The streaming data is written in Delta tables. Delta Lake provides a set of enhancements over traditional Parquet files, including ACID transactions, schema evolution, time travel, and unifies streaming and batch data processing, making it a powerful solution for managing big data workloads.

Optimize Data Transformation

Data skew is a significant challenge in distributed computing, particularly in big data processing with frameworks like Apache Spark. Salting is an effective technique to optimize data skew by adding a random component, or ‘salt’, to keys before partitioning. This process helps distribute data more evenly across partitions, leading to a more balanced workload and improved performance.
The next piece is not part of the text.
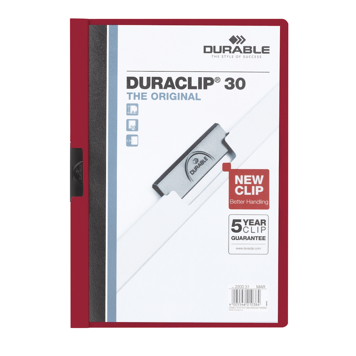DURABLE 220031 Klemmmappe DURACLIP 30 DIN A4 Hartfolie aubergine

  1. In a new cell, run the following code to break a large skewed partition into smaller partitions by appending a salt column with random integers:

     from pyspark.sql.functions import lit, rand
    
     # Convert streaming DataFrame back to batch DataFrame
     df = spark.read.parquet("/nyc_taxi_trips/*.parquet")
         
     # Add a salt column
     df_salted = df.withColumn("salt", (rand() * 100).cast("int"))
    
     # Repartition based on the salted column
     df_salted.repartition("salt").write.format("delta").mode("overwrite").save("/delta/nyc_taxi_trips_salted")
    
     display(df_salted)
    

Optimize Storage

Delta Lake offers a suite of optimization commands that can significantly enhance the performance and management of data storage. The optimize command is designed to improve query speed by organizing data more efficiently through techniques like compaction and Z-Ordering.

Compaction consolidates smaller files into larger ones, which can be particularly beneficial for read queries. Z-Ordering involves arranging data points so that related information is stored close together, reducing the time it takes to access this data during queries.
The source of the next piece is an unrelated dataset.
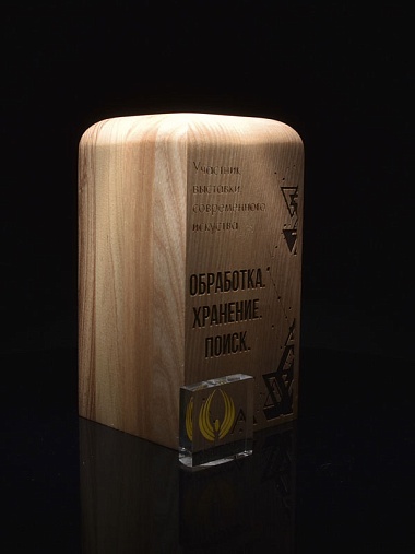 Деревянная награда премиум класса. Изготовлена из натурального дерева. Теплый, фактурный природный материал приятно держать в руке. Награда выполнена без пустот, поэтому имеет заметный вес.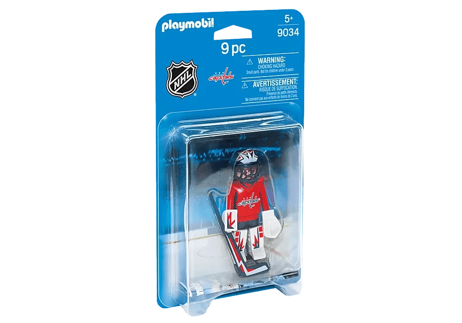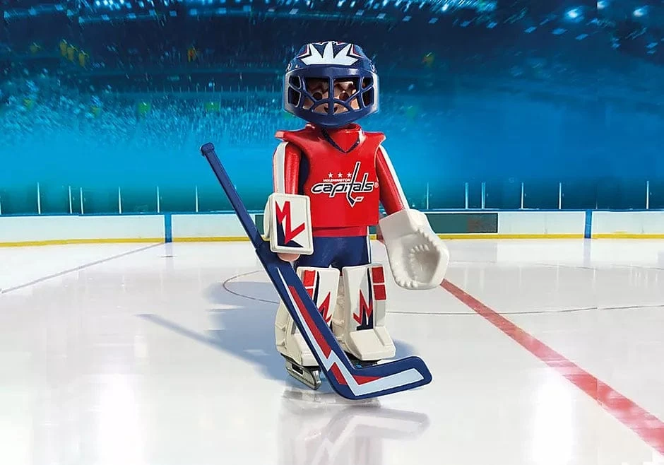 Back the net with the NHL™ Washington Capitals™ Goalie. Set includes 1 Washington goalie, 1 stick, 1 puck, helmet with visor, goalkeeper glove, and 1 arm cuff.

  1. In a new cell, run the following code to perform compaction to the Delta table:

     from delta.tables import DeltaTable
    
     delta_table = DeltaTable.forPath(spark, "/delta/nyc_taxi_trips")
     delta_table.optimize().executeCompaction()
    
  2. In a new cell, run the following code to perform Z-Order clustering:

     delta_table.optimize().executeZOrderBy("tpep_pickup_datetime")
    

This technique will co-locate related information in the same set of files, improving query performance.

Clean up

In Azure Databricks portal, on the Compute page, select your cluster and select ■ Terminate to shut it down.

If you’ve finished exploring Azure Databricks, you can delete the resources you’ve created to avoid unnecessary Azure costs and free up capacity in your subscription.